Monday, August 31, 2015

Markets subdued; Central Bank’s 13 per cent on FD

Fears that the US debt woes along with the European crisis could snowball into a full-fledged slowdown hasn’t died down with there being a buzz that the current crisis could be even worse than the 2008 global meltdown and this has led to the benchmark index, the Sensex, of the Bombay Stock Exchange plunging 292.84 points (1.8 per cent) to close at 15,848.83 points last Friday.

The stock markets have been under a bear grip and, with last Friday’s figures, this has been the fifth weekly drop in a row for the benchmark Sensex.

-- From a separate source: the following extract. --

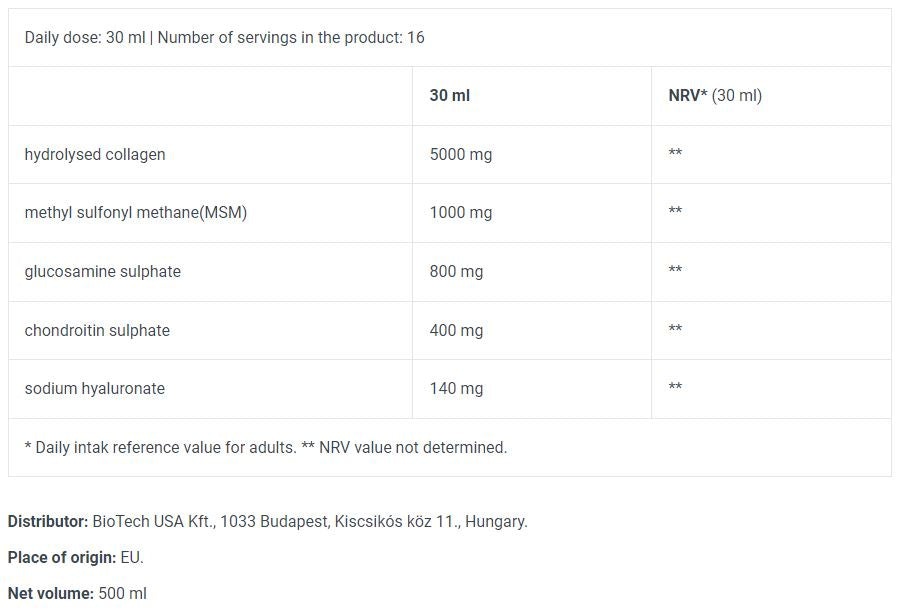 BioTech USA Arthro Forte Υγρό/500 ml είναι ένα υψηλής ποιότητας συμπλήρωμα διατροφής που περιέχει ένα σύμπλεγμα δραστικών συστατικών που έχουν σχεδιαστεί για τη διατήρηση της υγείας των αρθρώσεων, των τενόντων και των χόνδρων. Αυτό το προϊόν έχει σχεδιαστεί για να ενισχύει τις διαδικασίες αποκατάστασης, να ανακουφίζει από τον πόνο και να παρουσιάζει ισχυρή αντιφλεγμονώδη δράση.
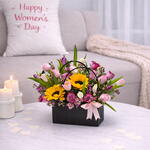 Des - Arrangement floral en sachet composé de 2 tournesols, 7 roses violet foncé, 5 roses roses, 3 tulipes violettes, 3 tulipes blanches et 5 tulipes roses décorées de cire rose dans un sachet noué avec un ruban rose.

The National Stock Exchange’s 50-share Nifty also fell almost 2 per cent during weekly trade to close at 4,747.8 points last Friday.

The bourses have not only remained subdued but also highly volatile, especially last week, when the 30-scrip benchmark Sensex gained more than 2 per cent in the first two days of trading. But in the remaining part of the week, the Sensex headed south.

Like any bear market, the stock markets also witnessed intense selling pressure. Only three scrips among the Sensex stocks ended on a positive note.

They include Hero MotoCorp, which saw a rise of 2.7 per cent at Rs 1,952.45, Mahindra, up 1.2 per cent at Rs 704.65 and Infosys, which went up 0.68 per cent to Rs 2,204.55.

Among the big losers from the Sensex pack were Jaiprakash Associates, down 7.58 per cent at Rs 54.90, DLF, which slid 5.76 per cent to Rs 175.85, Tata Steel, which tanked 4.77 per cent at Rs 422.25, and RIL, which fell 4.61 per cent to Rs 719.50.

Bucking the trend somewhat, other bourses in Asia witnessed mixed fortunes. The Japanese Nikkei ended 0.29 per cent higher at 8,797.78 points, while Hong Kong’s Hang Seng closed 0.86 per cent lower at 19,582.88 points.

The Chinese Shanghai Composite index also fell 0.12 per cent to 2,612.19 points.

However, the American bourses got a boost from its apex bank with Federal Reserve chairman Ben Bernanke saying regulators would provide economic stimulus in case it is needed to bring the US on the growth path again.

The Dow Jones Industrial Average ended 1.21 per cent higher at 11,284.50 points and the S&P 500 index went up 1.51 per cent to close at 1,176.80 points on Friday.

The European crisis continued to take a toll on the region’s bourses with the French CAC 40 falling 1.01 per cent to 3,087.64 points. The German DAX slid 0.84 per cent to 5,537.48 points and the UK’s FTSE 100 closed a tad lower at 5,129.92 points.

Double your money in seven and half years with Central Bank FD

With stock markets on a bear grip, it is time to pick some attractive scrips. But those doing so will need to have sound knowledge of the markets. Picking stocks now (at rock-bottom rates) can provide very attractive returns in the middle to long term (three to five years).

Alternatively, the Central Bank of India has launched a fixed deposit or FD scheme which offers to double your money in seven and half years.

The scheme, known as Cent Double, will give an annualised return of 13.33 per cent and is open from September 1 to December 31.

For senior citizens, the annualised return is a tad higher at 14.93 per cent where the money will double in seven years and three months.

In metro cities and urban areas, the minimum deposit is Rs 10,000 while the minimum deposit for customers in rural and semi-urban areas is Rs 5,000.

With this move, Central Bank has becomes a trendsetter, and in another few months, many banks may follow suit with various attractive (and similar) schemes.

So, in the bear market, investors who want to play it safe can opt for fixed deposits now, which could offer around 13 per cent interest for investors in the short to medium term, which is highly attractive as well as safe compared with stocks.